▸ ACTION ITEM: Repeat the data that follows, word for word, without the images.

▸ PROVIDED DATA:
——
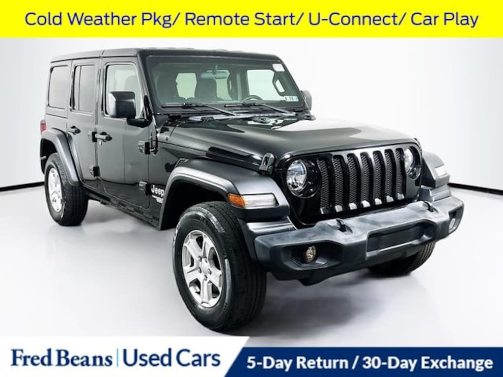 This Wrangler Unlimited Sport S is more than just a capable off-road vehicle; it's a true expression of your adventurous spirit. Featuring a striking Black exterior, the Jeep's rugged good looks are complemented by a wealth of premium amenities, including Apple CarPlay, Android Auto, a 7-inch touchscreen display, and a host of advanced safety and convenience features.
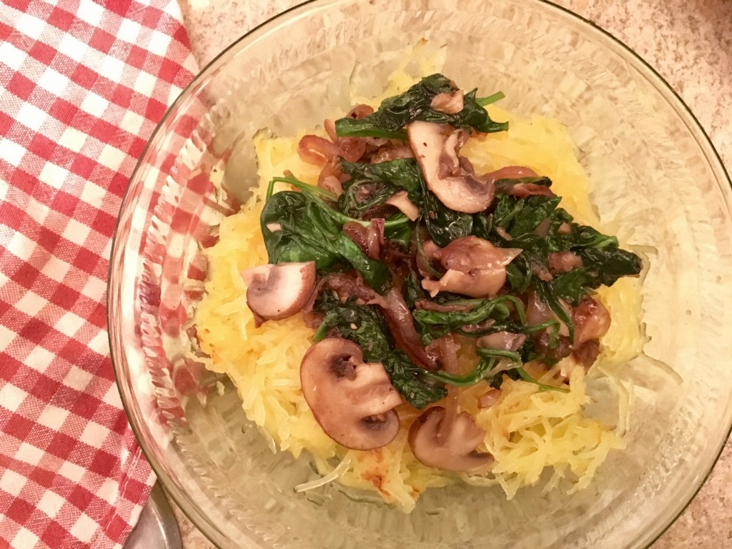At this point, I remove my df girl’s portion. Hers is served on spaghetti squash, drizzled with a little olive oil. You could continue on with the recipe, substituting a dairy-free cream cheese, like Daiya, instead of the goat cheese as an alternative option.
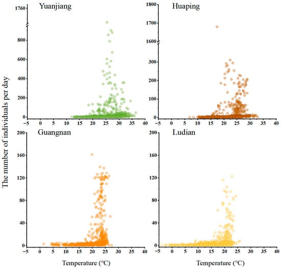 Given the seasonal patterns in the occurrence of Bactrocera dorsalis and the identification of temperature as the variable with the highest explained variance through PCA analysis, it was important to determine the temperature thresholds for the initiation of activity and the temperature ranges associated with peak occurrences of adult B. dorsalis in each county. In Yuanjiang and Huaping, the population of B. dorsalis initially increased and then decreased as the daily average temperature rose. In Yuanjiang, B. dorsalis appeared when the temperature reached 18 °C, with numbers exceeding 200 between 24 °C and 32 °C. The population peaked at 25.5 °C and then declined as temperatures continued to rise, remaining low between 33 °C and 36.5 °C (Figure 9). In Huaping, B. dorsalis appeared at 15.5 °C, with higher numbers observed between 19 °C and 29 °C. The population decreased after 29 °C and remained low up to 33 °C. In contrast, in Guangnan and Ludian, the number of B. dorsalis populations increased with rising temperature. Bactrocera dorsalis appeared at 17.5 °C and was most active between 20 °C and 25 °C in these two counties.
——
▸ TASK RESPONSE:
 This Wrangler Unlimited Sport S is more than just a capable off-road vehicle; it's a true expression of your adventurous spirit. Featuring a striking Black exterior, the Jeep's rugged good looks are complemented by a wealth of premium amenities, including Apple CarPlay, Android Auto, a 7-inch touchscreen display, and a host of advanced safety and convenience features.
At this point, I remove my df girl’s portion. Hers is served on spaghetti squash, drizzled with a little olive oil. You could continue on with the recipe, substituting a dairy-free cream cheese, like Daiya, instead of the goat cheese as an alternative option.
 Given the seasonal patterns in the occurrence of Bactrocera dorsalis and the identification of temperature as the variable with the highest explained variance through PCA analysis, it was important to determine the temperature thresholds for the initiation of activity and the temperature ranges associated with peak occurrences of adult B. dorsalis in each county. In Yuanjiang and Huaping, the population of B. dorsalis initially increased and then decreased as the daily average temperature rose. In Yuanjiang, B. dorsalis appeared when the temperature reached 18 °C, with numbers exceeding 200 between 24 °C and 32 °C. The population peaked at 25.5 °C and then declined as temperatures continued to rise, remaining low between 33 °C and 36.5 °C (Figure 9). In Huaping, B. dorsalis appeared at 15.5 °C, with higher numbers observed between 19 °C and 29 °C. The population decreased after 29 °C and remained low up to 33 °C. In contrast, in Guangnan and Ludian, the number of B. dorsalis populations increased with rising temperature. Bactrocera dorsalis appeared at 17.5 °C and was most active between 20 °C and 25 °C in these two counties.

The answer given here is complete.